Vince stares the lion in the eyes. Howard leans a bit to the right to watch the action from around the side of Vince’s leg. “Don’t look at him like that! He’s ready to strike! Oh God, I don’t want to die!” The lion is curled in an almost-spring, a position suited for stalking prey.
Vince is silent.
“Vince!” Howard cries. “Stop it! He’s going to lunge! Oh dear God, don’t kill me! I have so much to give!”
The lion looks at Howard, then back at Vince. Suddenly, he relaxes and sits down on his haunches. Vince sighs in relief.
Howard stands up slowly, clutching to the side of Vince’s jacket. “What happened?”
The lion stands up and calmly leaves the reptile house.
“He’s leaving!” Howard shrieks. “Not again!”
“Shh,” Vince says, “he’s going back to the lion exhibit. He promised, in exchange for some fresh antelope tomorrow. Don’t know where I’m gonna get that, though…antelope exhibit, I guess.”

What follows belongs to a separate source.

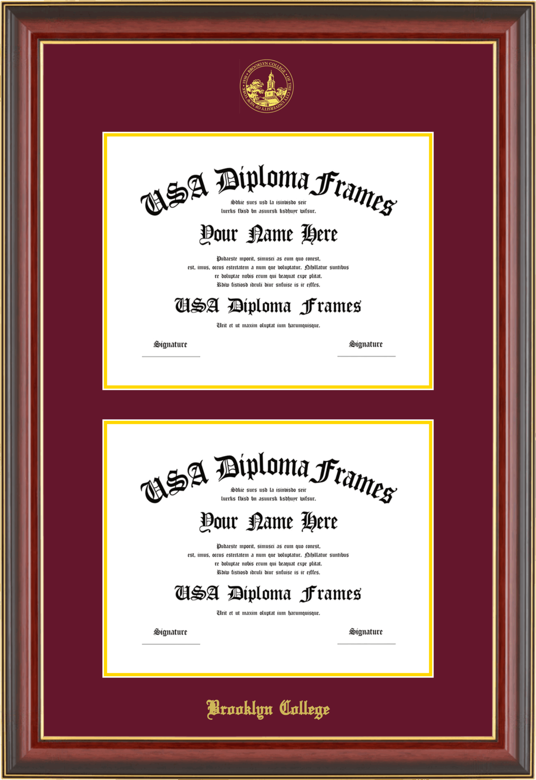 Brooklyn College of the City University of New York Double Diploma Frame – Double Document – Cherry Mahogany Gold Trim Glossy – Maroon and Yellow Gold Mat

“…What are you on about?” Howard says after a moment. He unlatches himself from Vince’s side to look him in the eyes.
“Well…” Vince rubs the back of his head, thinks better of it, and idly sets about to fixing his hair. “…I can talk to animals,” he says finally.
Howard stares blankly at him. “You what?”

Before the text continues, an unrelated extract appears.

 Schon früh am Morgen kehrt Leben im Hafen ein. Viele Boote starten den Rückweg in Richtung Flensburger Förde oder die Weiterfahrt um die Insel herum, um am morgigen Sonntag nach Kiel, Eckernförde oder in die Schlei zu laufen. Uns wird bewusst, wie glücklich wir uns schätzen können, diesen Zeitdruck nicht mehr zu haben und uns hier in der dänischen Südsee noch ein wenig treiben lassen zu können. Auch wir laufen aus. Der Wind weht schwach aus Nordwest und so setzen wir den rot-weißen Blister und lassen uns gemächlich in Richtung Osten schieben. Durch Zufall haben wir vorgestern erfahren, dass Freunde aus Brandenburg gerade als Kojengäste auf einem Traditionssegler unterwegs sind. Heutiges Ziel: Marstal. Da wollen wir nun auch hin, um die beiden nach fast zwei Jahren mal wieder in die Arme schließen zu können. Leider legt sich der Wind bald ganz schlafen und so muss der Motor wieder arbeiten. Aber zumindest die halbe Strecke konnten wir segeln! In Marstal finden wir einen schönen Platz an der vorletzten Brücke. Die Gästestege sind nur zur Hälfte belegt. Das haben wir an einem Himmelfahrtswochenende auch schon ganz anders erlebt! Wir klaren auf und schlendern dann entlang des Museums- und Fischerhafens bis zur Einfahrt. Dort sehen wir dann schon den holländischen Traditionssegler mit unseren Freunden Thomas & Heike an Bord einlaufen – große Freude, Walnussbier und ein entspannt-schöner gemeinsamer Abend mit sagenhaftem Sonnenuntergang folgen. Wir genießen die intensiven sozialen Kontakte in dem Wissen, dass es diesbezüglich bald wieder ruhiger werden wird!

“It’s a gift, I guess. I grew up in the jungle, see, and there were all these fantastic animals there and I didn’t even realize it was strange to be able to talk to them until I left, and no one was talking to their dogs and stuff like that.” Vince looks down, like he’s been forced to reveal a shameful secret.

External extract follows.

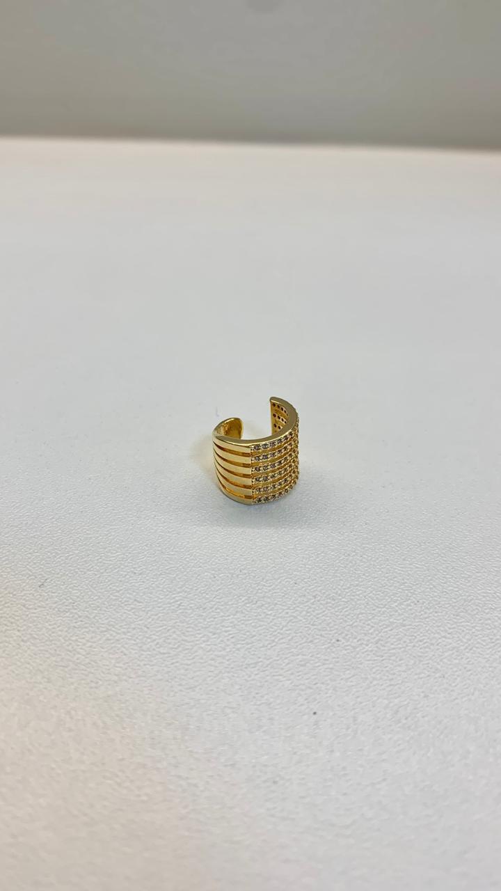 Piercing 6 fileiras cravejado com zircônias brancas, banhado a ouro 18k.

Howard would like to question this, but it seems like another story for another time. Or many stories for a large number of times. “Well,” he says after a few awkward seconds. “That’s quite a gift. Very helpful at a zoo.” He pauses. “You may or may not have saved my life. I’m fairly certain you did.” There’s no reason to be blushing; why is he blushing?
Vince looks up and smiles at him. “Yeah, I guess so. I know how you can pay me back, though.”
Howard swallows. This sounds bad. This sounds good in a bad way. “Yeah?”
“You can at least try to eat my toast. You know the faces aren’t actual humans, yeah?”
Howard doesn’t know whether to be mortified or relieved. He settles on a mix of both and says, “So you noticed.”
“Of course I did,” Vince laughs. “I’m not completely daft. At least not completely.”
Howard smiles. “I know.”
Vince says, “The lion told me something interesting.”
“Really?” Howard asks.
“He said that you looked tastier. Whatever he meant by that. I’m sure he meant fat-wise, not fashion-wise. I obviously have a very tasty style.”
“What do you mean ‘fat-wise,’ sir?” Howard asks, indignant. “I’m perfectly lean. I’m trim. Have you seen my legs lately? They’re like willows. Trim, lean, strong willows. Yes, sir.”
Vince laughs, and even Howard knows when his sense of self-pride has gotten out of hand, so he laughs too. And then Vince’s face is on his shoulder, Vince’s hair tickling his ear.
Howard freezes. What does this mean? Should he do something? Like what? Vince smells like strawberries. And sweat. The scents mingle oddly well together.
“We’re alive,” Vince says into the collar of Howard’s jacket.
Howard unfreezes, quickly searches for something to say, and comes up with, “Indeed, we are.” Really? That the best you could do?
Vince laughs. The vibration feels funny against Howard’s collarbone. He lifts his head to look Howard in the eyes. “Do you get into this kind of trouble often?”
Howard thinks. Nothing like this incident has ever happened to him before, barring the time with the shark, and that was entirely Fossil’s fault. Vince is changing his life in a number of ways, not all of them for the better. “Nope. Just with you.”
“Good,” Vince says. “Let’s keep it that way.” He smiles, idly playing with the cuff on one of Howard’s sleeves. “I think we should probably go check on the lion, make sure he got back okay.”
“Right,” Howard says.
“Also, you’re going to have to help me find an antelope,” Vince says seriously.
Life and love, Howard reminds himself as they walk to the lion exhibit, are all about compromises.